* Aim of the exercise
Only one stretch of the data below is wanted: the lines from the one with "Anthem the Label" through the one with "Shovel update: Yeah, still", repeated exactly.

Records for this exercise START

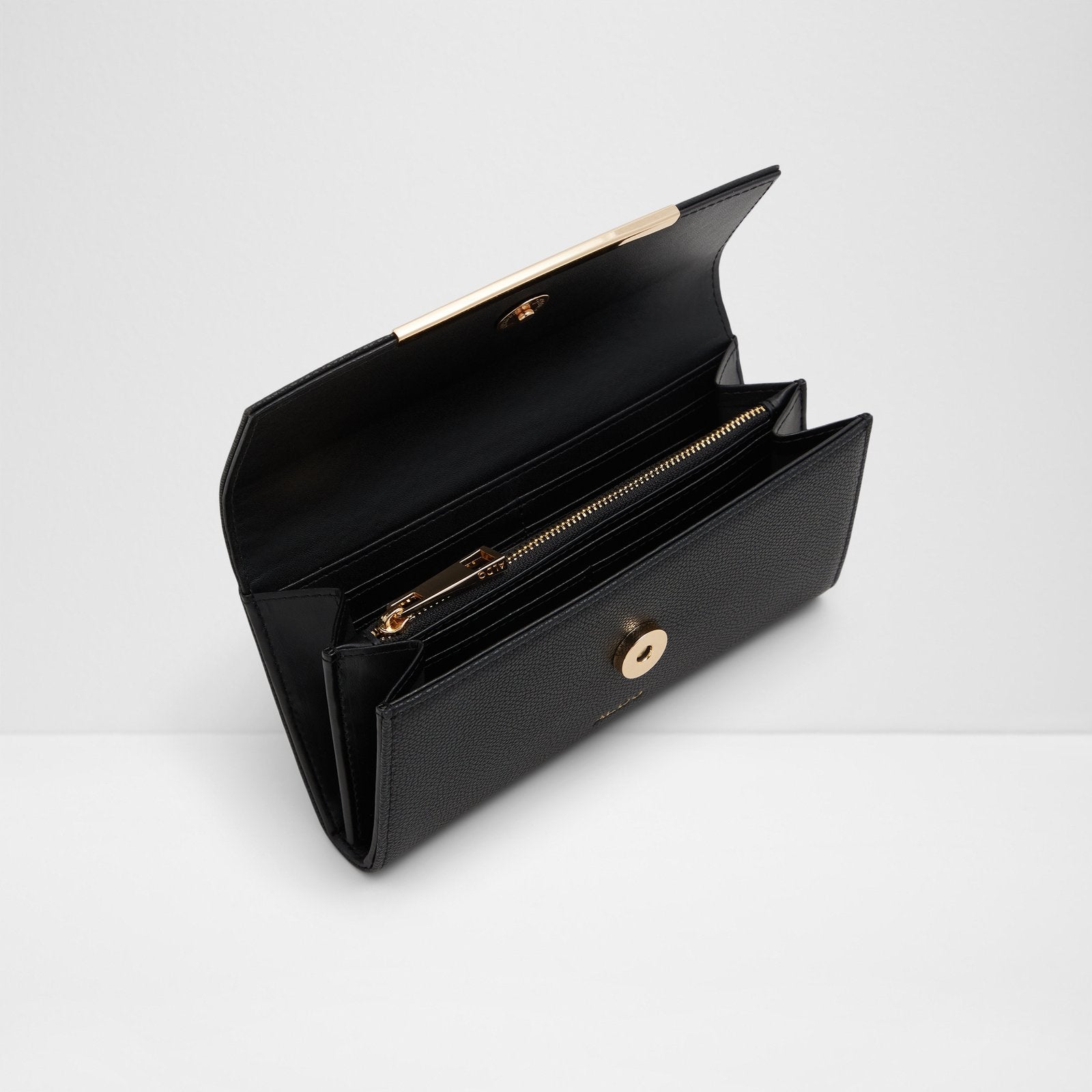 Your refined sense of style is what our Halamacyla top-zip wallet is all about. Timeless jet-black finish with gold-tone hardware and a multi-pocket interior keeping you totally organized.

Records for this exercise END
Records for this exercise START

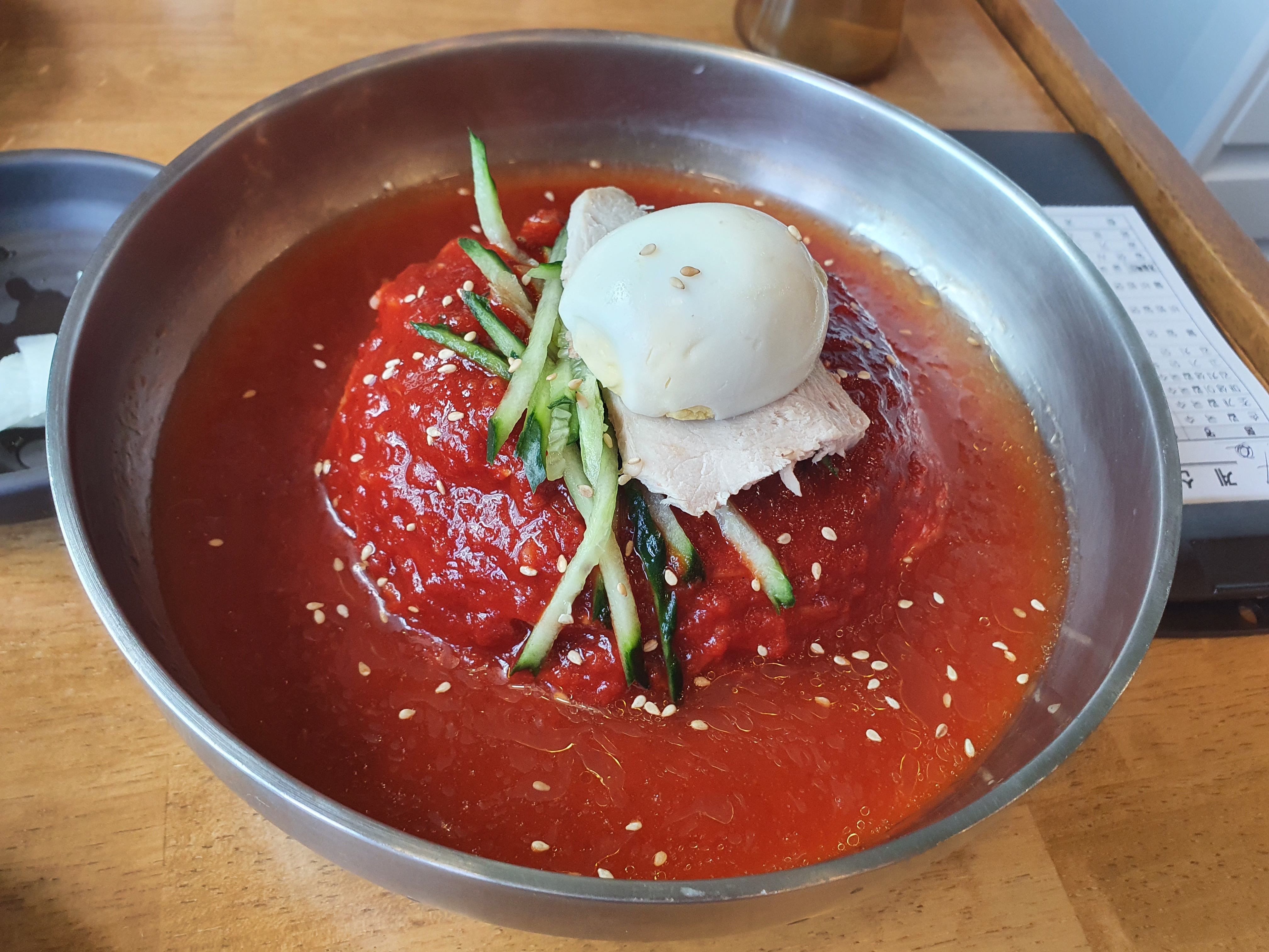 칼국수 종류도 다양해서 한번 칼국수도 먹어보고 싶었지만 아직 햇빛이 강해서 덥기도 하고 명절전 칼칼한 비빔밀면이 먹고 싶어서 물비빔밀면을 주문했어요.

Records for this exercise END
Records for this exercise START

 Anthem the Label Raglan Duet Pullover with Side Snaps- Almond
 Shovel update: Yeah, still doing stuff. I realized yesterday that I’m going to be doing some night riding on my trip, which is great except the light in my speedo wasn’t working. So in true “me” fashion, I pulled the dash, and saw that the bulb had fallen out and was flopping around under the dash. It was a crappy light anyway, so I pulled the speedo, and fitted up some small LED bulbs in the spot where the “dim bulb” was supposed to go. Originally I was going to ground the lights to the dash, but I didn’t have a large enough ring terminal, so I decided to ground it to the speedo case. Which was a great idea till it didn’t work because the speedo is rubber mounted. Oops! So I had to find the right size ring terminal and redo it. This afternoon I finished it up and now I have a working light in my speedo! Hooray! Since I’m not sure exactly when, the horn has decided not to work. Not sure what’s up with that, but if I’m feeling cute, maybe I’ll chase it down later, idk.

Records for this exercise END

* Written answer
 Anthem the Label Raglan Duet Pullover with Side Snaps- Almond
 Shovel update: Yeah, still doing stuff. I realized yesterday that I’m going to be doing some night riding on my trip, which is great except the light in my speedo wasn’t working. So in true “me” fashion, I pulled the dash, and saw that the bulb had fallen out and was flopping around under the dash. It was a crappy light anyway, so I pulled the speedo, and fitted up some small LED bulbs in the spot where the “dim bulb” was supposed to go. Originally I was going to ground the lights to the dash, but I didn’t have a large enough ring terminal, so I decided to ground it to the speedo case. Which was a great idea till it didn’t work because the speedo is rubber mounted. Oops! So I had to find the right size ring terminal and redo it. This afternoon I finished it up and now I have a working light in my speedo! Hooray! Since I’m not sure exactly when, the horn has decided not to work. Not sure what’s up with that, but if I’m feeling cute, maybe I’ll chase it down later, idk.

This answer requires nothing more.